[Prompt]
Once you find the line with "Колье из лимонного" in the listing below, set down exactly every line from it through the line with "I tend to have", but no pictures.

[Given data]
===
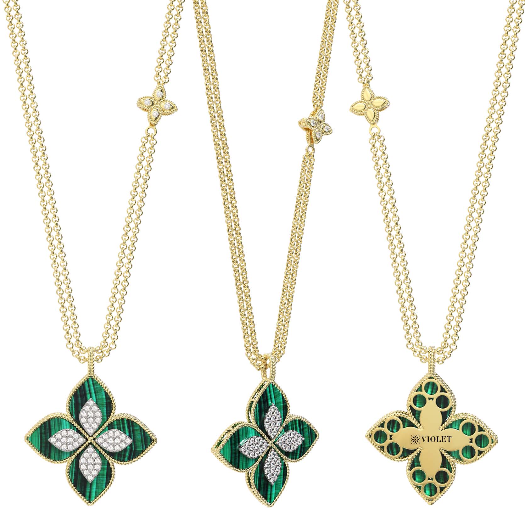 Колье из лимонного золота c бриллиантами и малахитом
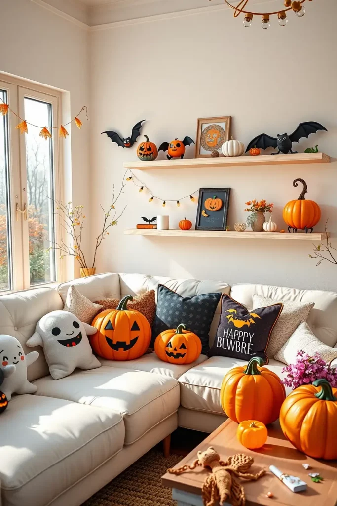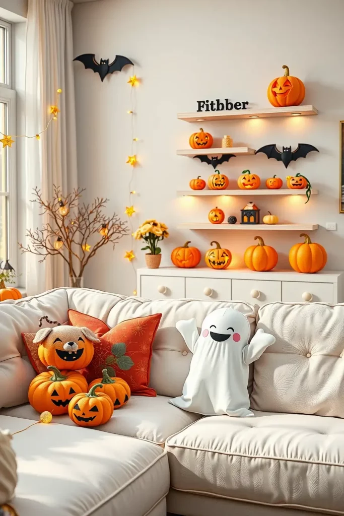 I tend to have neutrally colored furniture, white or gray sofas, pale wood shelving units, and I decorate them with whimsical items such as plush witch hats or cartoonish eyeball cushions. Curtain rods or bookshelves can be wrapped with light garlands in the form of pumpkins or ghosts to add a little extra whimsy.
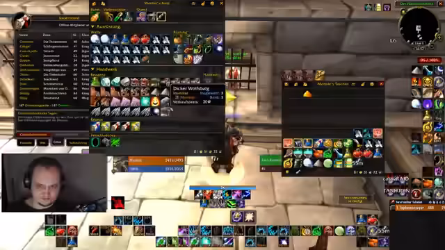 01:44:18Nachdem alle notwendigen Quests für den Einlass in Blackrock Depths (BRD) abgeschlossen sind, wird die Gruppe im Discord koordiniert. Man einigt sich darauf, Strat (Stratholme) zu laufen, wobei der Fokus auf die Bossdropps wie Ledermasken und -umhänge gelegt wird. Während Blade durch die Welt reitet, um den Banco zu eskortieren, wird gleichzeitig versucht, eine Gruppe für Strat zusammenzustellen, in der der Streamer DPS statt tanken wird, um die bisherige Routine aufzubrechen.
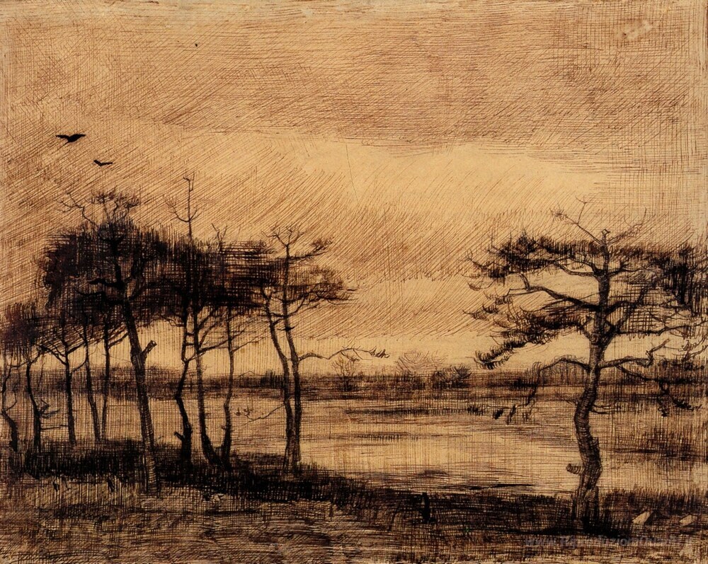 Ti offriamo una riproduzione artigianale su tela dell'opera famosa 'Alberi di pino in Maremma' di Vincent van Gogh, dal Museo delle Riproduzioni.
===
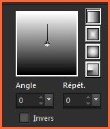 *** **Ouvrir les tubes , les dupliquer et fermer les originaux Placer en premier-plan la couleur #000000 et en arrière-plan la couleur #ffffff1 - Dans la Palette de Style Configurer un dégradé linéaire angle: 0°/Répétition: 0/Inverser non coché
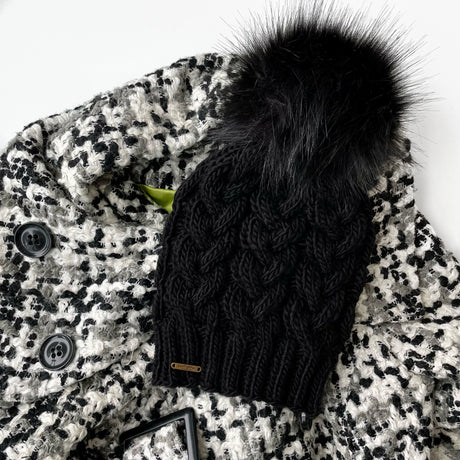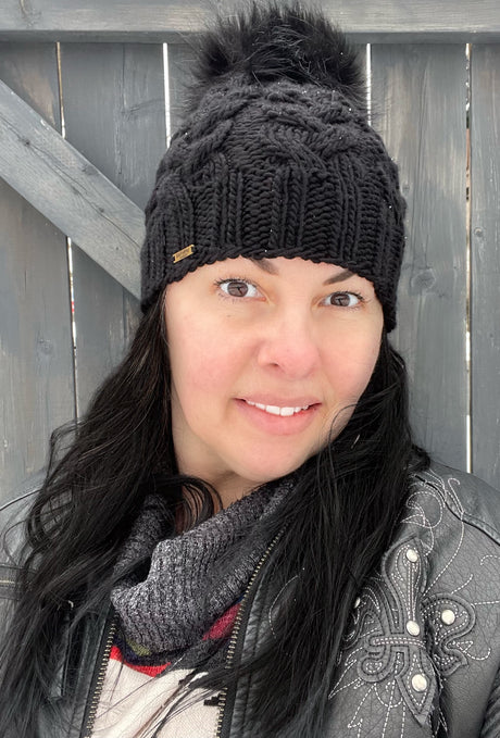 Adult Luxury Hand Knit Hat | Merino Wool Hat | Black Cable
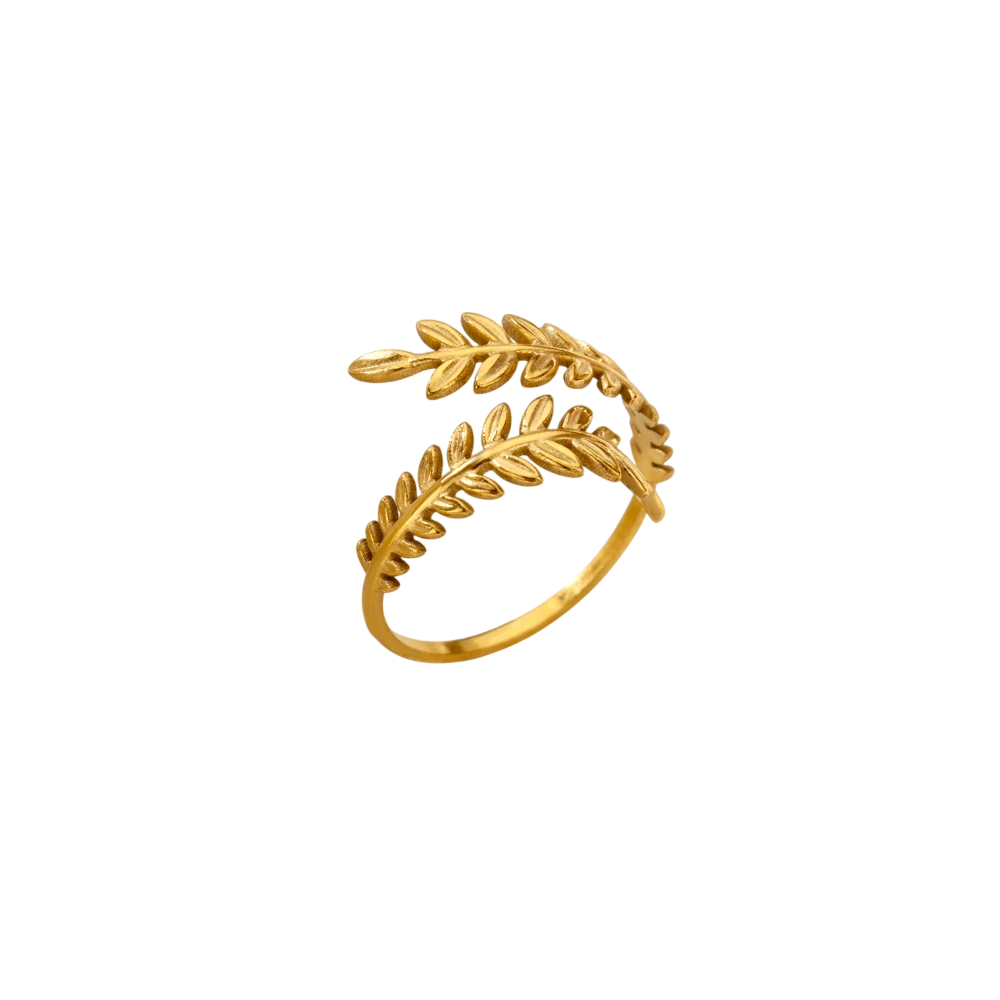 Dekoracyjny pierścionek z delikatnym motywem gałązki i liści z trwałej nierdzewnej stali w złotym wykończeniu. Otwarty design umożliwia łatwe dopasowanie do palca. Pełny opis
===
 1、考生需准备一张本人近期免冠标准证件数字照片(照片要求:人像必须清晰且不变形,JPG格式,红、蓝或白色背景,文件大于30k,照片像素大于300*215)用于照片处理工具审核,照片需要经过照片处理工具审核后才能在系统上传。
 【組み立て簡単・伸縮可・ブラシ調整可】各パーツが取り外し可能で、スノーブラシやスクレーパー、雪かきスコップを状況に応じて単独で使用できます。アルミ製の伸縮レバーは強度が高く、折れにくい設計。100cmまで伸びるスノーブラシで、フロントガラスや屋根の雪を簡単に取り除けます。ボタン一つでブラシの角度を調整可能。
===
[Exercise answer]
 Колье из лимонного золота c бриллиантами и малахитом
 I tend to have neutrally colored furniture, white or gray sofas, pale wood shelving units, and I decorate them with whimsical items such as plush witch hats or cartoonish eyeball cushions. Curtain rods or bookshelves can be wrapped with light garlands in the form of pumpkins or ghosts to add a little extra whimsy.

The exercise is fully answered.